# [What this task involves]
From the first line to the last, output the data exactly as it stands, minus its pictures.

# [Dataset extract]
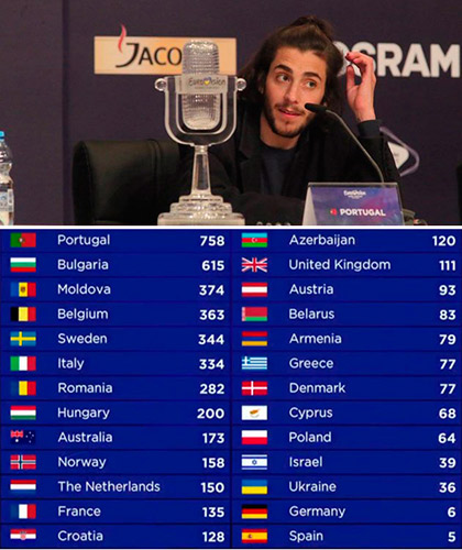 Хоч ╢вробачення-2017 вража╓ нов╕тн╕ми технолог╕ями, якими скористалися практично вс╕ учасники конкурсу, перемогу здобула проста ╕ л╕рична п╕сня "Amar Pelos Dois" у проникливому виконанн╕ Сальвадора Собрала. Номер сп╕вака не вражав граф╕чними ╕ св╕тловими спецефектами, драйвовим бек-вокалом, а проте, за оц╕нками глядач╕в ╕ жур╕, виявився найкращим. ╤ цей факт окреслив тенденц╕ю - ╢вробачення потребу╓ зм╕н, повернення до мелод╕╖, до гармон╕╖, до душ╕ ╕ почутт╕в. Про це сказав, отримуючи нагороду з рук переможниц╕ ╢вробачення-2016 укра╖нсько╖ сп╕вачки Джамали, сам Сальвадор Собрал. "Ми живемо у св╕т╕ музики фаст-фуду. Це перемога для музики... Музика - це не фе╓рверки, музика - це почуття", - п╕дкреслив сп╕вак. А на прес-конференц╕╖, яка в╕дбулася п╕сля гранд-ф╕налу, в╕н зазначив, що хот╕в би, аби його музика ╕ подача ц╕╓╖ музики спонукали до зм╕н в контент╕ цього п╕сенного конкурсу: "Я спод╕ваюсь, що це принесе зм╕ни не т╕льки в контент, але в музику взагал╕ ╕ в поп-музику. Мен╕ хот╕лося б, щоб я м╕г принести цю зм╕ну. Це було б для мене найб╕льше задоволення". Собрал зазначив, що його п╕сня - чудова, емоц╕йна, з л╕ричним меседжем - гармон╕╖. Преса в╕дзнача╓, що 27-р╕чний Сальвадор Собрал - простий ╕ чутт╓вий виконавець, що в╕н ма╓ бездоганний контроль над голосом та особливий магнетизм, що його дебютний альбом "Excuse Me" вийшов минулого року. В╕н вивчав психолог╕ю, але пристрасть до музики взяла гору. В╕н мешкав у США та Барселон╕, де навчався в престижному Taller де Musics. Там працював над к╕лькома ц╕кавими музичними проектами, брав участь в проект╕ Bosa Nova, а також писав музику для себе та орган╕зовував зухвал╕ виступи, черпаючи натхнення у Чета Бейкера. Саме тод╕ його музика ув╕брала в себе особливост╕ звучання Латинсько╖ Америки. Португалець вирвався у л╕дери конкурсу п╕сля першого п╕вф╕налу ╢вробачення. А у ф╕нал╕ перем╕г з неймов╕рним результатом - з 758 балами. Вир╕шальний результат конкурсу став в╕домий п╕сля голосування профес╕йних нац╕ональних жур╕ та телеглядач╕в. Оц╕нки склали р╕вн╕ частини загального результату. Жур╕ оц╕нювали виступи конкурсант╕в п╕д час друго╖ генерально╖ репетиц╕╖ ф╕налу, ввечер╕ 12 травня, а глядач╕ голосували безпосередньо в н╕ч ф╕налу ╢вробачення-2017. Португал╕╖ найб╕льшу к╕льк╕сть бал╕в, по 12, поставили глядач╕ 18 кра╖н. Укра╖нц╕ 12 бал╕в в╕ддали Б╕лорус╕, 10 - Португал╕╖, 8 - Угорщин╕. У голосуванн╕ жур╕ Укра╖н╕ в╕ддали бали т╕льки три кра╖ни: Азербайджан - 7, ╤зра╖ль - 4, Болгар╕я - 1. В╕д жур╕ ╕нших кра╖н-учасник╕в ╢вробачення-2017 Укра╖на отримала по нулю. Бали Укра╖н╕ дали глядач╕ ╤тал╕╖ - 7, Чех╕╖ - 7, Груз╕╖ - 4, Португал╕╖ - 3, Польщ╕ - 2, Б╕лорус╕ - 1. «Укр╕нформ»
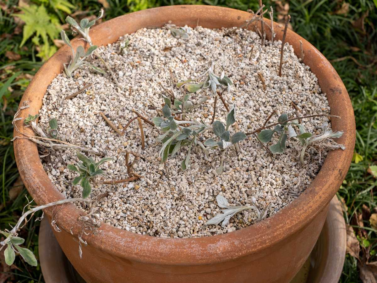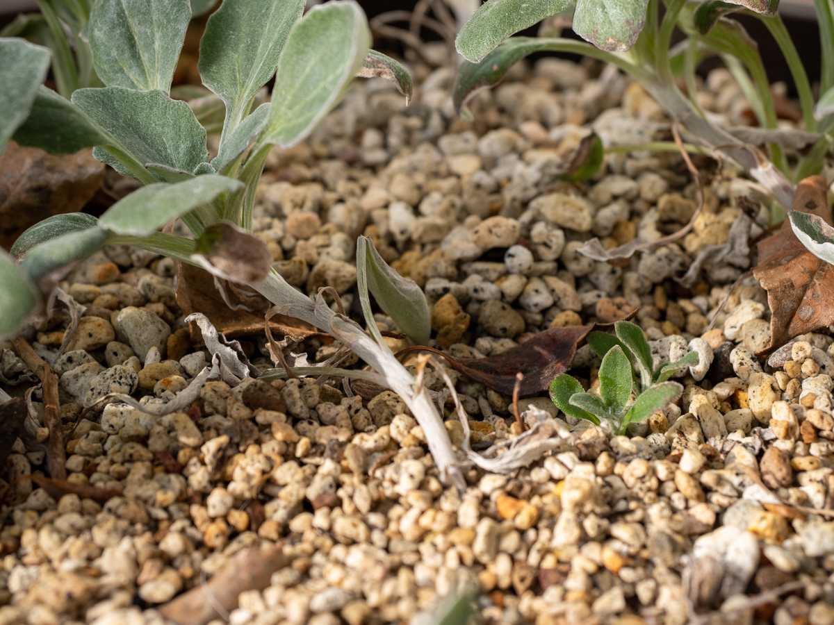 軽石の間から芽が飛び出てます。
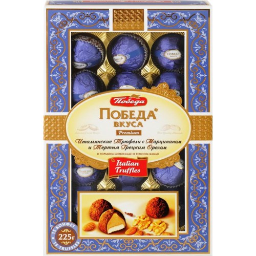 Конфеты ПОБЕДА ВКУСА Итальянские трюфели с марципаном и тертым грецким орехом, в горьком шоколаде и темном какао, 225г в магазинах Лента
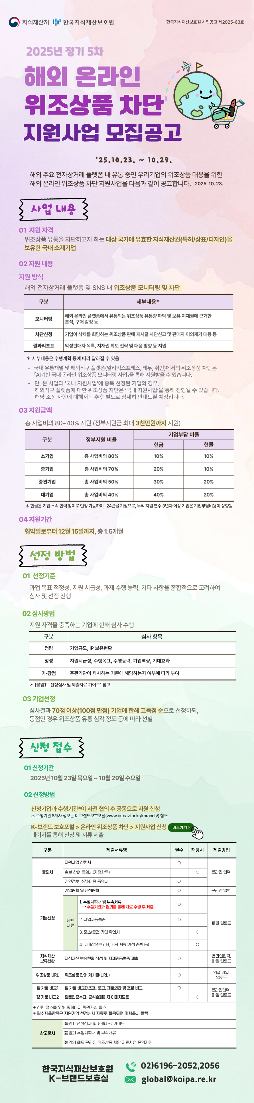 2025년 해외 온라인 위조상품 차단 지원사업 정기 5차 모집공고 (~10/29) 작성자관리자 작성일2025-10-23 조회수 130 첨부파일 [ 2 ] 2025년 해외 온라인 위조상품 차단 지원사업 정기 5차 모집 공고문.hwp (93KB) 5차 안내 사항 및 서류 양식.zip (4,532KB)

# [Task response]
 Хоч ╢вробачення-2017 вража╓ нов╕тн╕ми технолог╕ями, якими скористалися практично вс╕ учасники конкурсу, перемогу здобула проста ╕ л╕рична п╕сня "Amar Pelos Dois" у проникливому виконанн╕ Сальвадора Собрала. Номер сп╕вака не вражав граф╕чними ╕ св╕тловими спецефектами, драйвовим бек-вокалом, а проте, за оц╕нками глядач╕в ╕ жур╕, виявився найкращим. ╤ цей факт окреслив тенденц╕ю - ╢вробачення потребу╓ зм╕н, повернення до мелод╕╖, до гармон╕╖, до душ╕ ╕ почутт╕в. Про це сказав, отримуючи нагороду з рук переможниц╕ ╢вробачення-2016 укра╖нсько╖ сп╕вачки Джамали, сам Сальвадор Собрал. "Ми живемо у св╕т╕ музики фаст-фуду. Це перемога для музики... Музика - це не фе╓рверки, музика - це почуття", - п╕дкреслив сп╕вак. А на прес-конференц╕╖, яка в╕дбулася п╕сля гранд-ф╕налу, в╕н зазначив, що хот╕в би, аби його музика ╕ подача ц╕╓╖ музики спонукали до зм╕н в контент╕ цього п╕сенного конкурсу: "Я спод╕ваюсь, що це принесе зм╕ни не т╕льки в контент, але в музику взагал╕ ╕ в поп-музику. Мен╕ хот╕лося б, щоб я м╕г принести цю зм╕ну. Це було б для мене найб╕льше задоволення". Собрал зазначив, що його п╕сня - чудова, емоц╕йна, з л╕ричним меседжем - гармон╕╖. Преса в╕дзнача╓, що 27-р╕чний Сальвадор Собрал - простий ╕ чутт╓вий виконавець, що в╕н ма╓ бездоганний контроль над голосом та особливий магнетизм, що його дебютний альбом "Excuse Me" вийшов минулого року. В╕н вивчав психолог╕ю, але пристрасть до музики взяла гору. В╕н мешкав у США та Барселон╕, де навчався в престижному Taller де Musics. Там працював над к╕лькома ц╕кавими музичними проектами, брав участь в проект╕ Bosa Nova, а також писав музику для себе та орган╕зовував зухвал╕ виступи, черпаючи натхнення у Чета Бейкера. Саме тод╕ його музика ув╕брала в себе особливост╕ звучання Латинсько╖ Америки. Португалець вирвався у л╕дери конкурсу п╕сля першого п╕вф╕налу ╢вробачення. А у ф╕нал╕ перем╕г з неймов╕рним результатом - з 758 балами. Вир╕шальний результат конкурсу став в╕домий п╕сля голосування профес╕йних нац╕ональних жур╕ та телеглядач╕в. Оц╕нки склали р╕вн╕ частини загального результату. Жур╕ оц╕нювали виступи конкурсант╕в п╕д час друго╖ генерально╖ репетиц╕╖ ф╕налу, ввечер╕ 12 травня, а глядач╕ голосували безпосередньо в н╕ч ф╕налу ╢вробачення-2017. Португал╕╖ найб╕льшу к╕льк╕сть бал╕в, по 12, поставили глядач╕ 18 кра╖н. Укра╖нц╕ 12 бал╕в в╕ддали Б╕лорус╕, 10 - Португал╕╖, 8 - Угорщин╕. У голосуванн╕ жур╕ Укра╖н╕ в╕ддали бали т╕льки три кра╖ни: Азербайджан - 7, ╤зра╖ль - 4, Болгар╕я - 1. В╕д жур╕ ╕нших кра╖н-учасник╕в ╢вробачення-2017 Укра╖на отримала по нулю. Бали Укра╖н╕ дали глядач╕ ╤тал╕╖ - 7, Чех╕╖ - 7, Груз╕╖ - 4, Португал╕╖ - 3, Польщ╕ - 2, Б╕лорус╕ - 1. «Укр╕нформ»
 軽石の間から芽が飛び出てます。
 Конфеты ПОБЕДА ВКУСА Итальянские трюфели с марципаном и тертым грецким орехом, в горьком шоколаде и темном какао, 225г в магазинах Лента
 2025년 해외 온라인 위조상품 차단 지원사업 정기 5차 모집공고 (~10/29) 작성자관리자 작성일2025-10-23 조회수 130 첨부파일 [ 2 ] 2025년 해외 온라인 위조상품 차단 지원사업 정기 5차 모집 공고문.hwp (93KB) 5차 안내 사항 및 서류 양식.zip (4,532KB)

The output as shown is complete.